> [WORK TASK]: Starting at the top of the listing, extract every line up to and including the one with "수원 직행좌석버스 1112번: 경희대학교". Pictures stay out of the copy.

> [DATASET SECTION]:
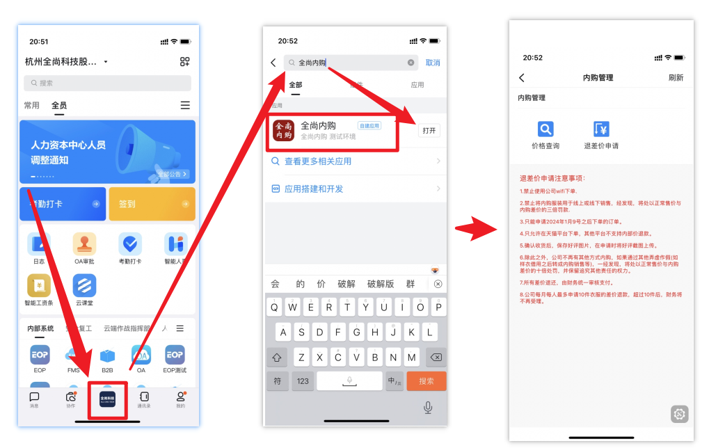 注:内部价格为全尚员工在天猫淘宝正常购买商品后,再申请退款后的最终价格。例如:一件衣服在淘宝售卖100元,内部价格60元,我们在淘宝正常购买消费100元,确认收货后,再进行好评评论,然后再来钉钉内申请差价退款40元,顺带上传好评截图,财务将通过淘宝后台进行退款,所以最终我们购买衣服的价格是60元。
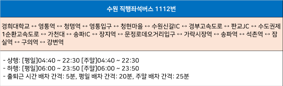 수원 직행좌석버스 1112번: 경희대학교 ↔ 영통역 ↔ 청명역 ↔ 영통입구 ↔ 청현마을 ↔ 수원신갈IC ↔ 경부고속도로 ↔ 판교JC ↔ 수도권제1순환고속도로 ↔ 가천대 ↔ 송파IC ↔ 장지역 ↔ 문정로데오거리입구 ↔ 가락시장역 ↔ 송파역 ↔ 석촌역 ↔ 잠실역 ↔ 구의역 ↔ 강변역
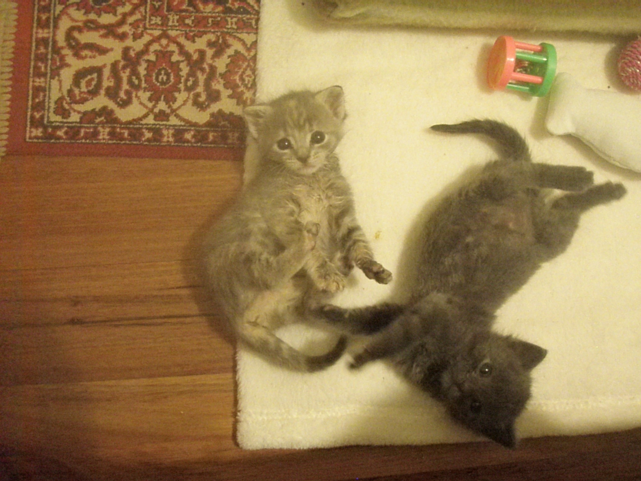 (Petal is the kitten on the left in the photo, a lovely grey tabby with an orange spot on her forehead)
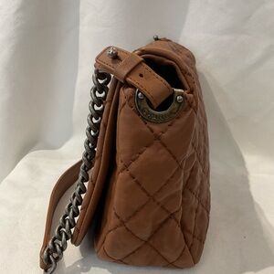 Brown quilted leather flap bag with silver tone hardware comes with box and duster

> [RESPONSE TO THIS EXERCISE]:
 注:内部价格为全尚员工在天猫淘宝正常购买商品后,再申请退款后的最终价格。例如:一件衣服在淘宝售卖100元,内部价格60元,我们在淘宝正常购买消费100元,确认收货后,再进行好评评论,然后再来钉钉内申请差价退款40元,顺带上传好评截图,财务将通过淘宝后台进行退款,所以最终我们购买衣服的价格是60元。
 수원 직행좌석버스 1112번: 경희대학교 ↔ 영통역 ↔ 청명역 ↔ 영통입구 ↔ 청현마을 ↔ 수원신갈IC ↔ 경부고속도로 ↔ 판교JC ↔ 수도권제1순환고속도로 ↔ 가천대 ↔ 송파IC ↔ 장지역 ↔ 문정로데오거리입구 ↔ 가락시장역 ↔ 송파역 ↔ 석촌역 ↔ 잠실역 ↔ 구의역 ↔ 강변역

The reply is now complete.